I'n not sure about the calendars - yes, calendars do display events. But they could be a much diverse monster, not only display wise. But yes, some default views should probably be provided
The above outlines, are more for a group of modules, rather than a single one. I'm trying to refactor the current event module, but have problems with my code reading skills. I'll try and demo something soon.
No doubt its a magnet for complexity
This one is going to requre alot of thought as you point out. Good luck and let me know if I can help.
my mindmap on the subject
I'm quite busy at work (iproms,4m and a few others), so I haven't done any coding, but just to keep you up-to date with my though train - here is a mind map. It's a sort of an attempt to structure what do I see. I'm concentrating at the moment on the event and the date/length/recurrence model as in the above RFCs.
Unfortunately, too many other ideas are constantly coming, so it's a bit slow, or I need more discipline.
an update to the map
I've exported the above map as well as a summary of ical recursion rules as xhtml from vym. The recursion rules map is based on the rfc, I haven't verified it, so it may be partially incorrect, but reflects the spirit of the specification. The reason for going through the pain of reading specifiactions is that when factoring this functionality for drupal, I want it to be a correct subset of ical, and its rdf equivalent.
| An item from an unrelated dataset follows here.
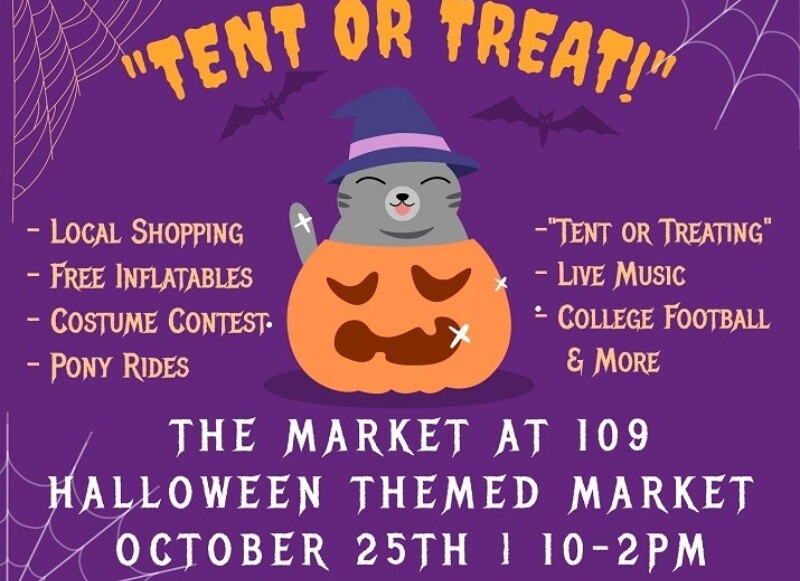 The 2nd Annual “Tent or Treat” Halloween at The Market at 109 (3301 TN-109, Lebanon, TN 37090) takes place on Saturday, October 25th, 2025, from 10 am – 2 pm.

i find this really interestin
i find this really interesting!
it also made me think of the phpicalendar project : http://phpicalendar.net
if you could also "squeeze in" some sort of member calendar functionality and a mulitple calendar view based upon each members calendar for it would be perfect.
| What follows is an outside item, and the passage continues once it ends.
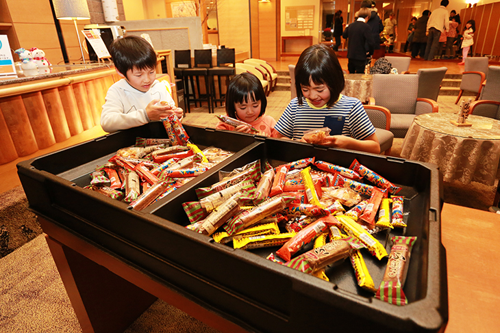 食後は天然温泉『相生の湯』に入ってゆっくり過ごすのもいいが、まだまだ元気な子どもたちは館内イベントに参加することに。まずは、お菓子詰め放題ゲームに参加。なんと参加費は無料で、渡された袋に制限時間内であれば好きなだけお菓子を詰めることができる。子供たちは袋が破れそうなほどパンパンにお菓子を詰めて、ご満悦の様子だった。

i know it's a long shot, but have you got any eta. on this project?
:water
No eta for the time being
No, but will try and put an implementation/release schedule. I need it ASAP, this means I'm putting some time into it.
anything I can help with?
I'm seriously considering using Drupal for my organization's site (http://bsp.berkeley.edu), but it partially depends on being able to have each of our (approximately) 1200 students and 10 or so staff members having their own calendar. Thus, I'm very interested in furthering the state of Drupal's calendaring system.
Having personal calendars
Having personal calendars will involve very little coding these days. Maybe none, depending on use case. At the moment you can have calendars filtered by category and content type, when you throw in the permissions system the possibilities are big. If nothing is suitable, you could implement a user filter for the calendar views. But in a lot of cases that wouldn't be nessesary.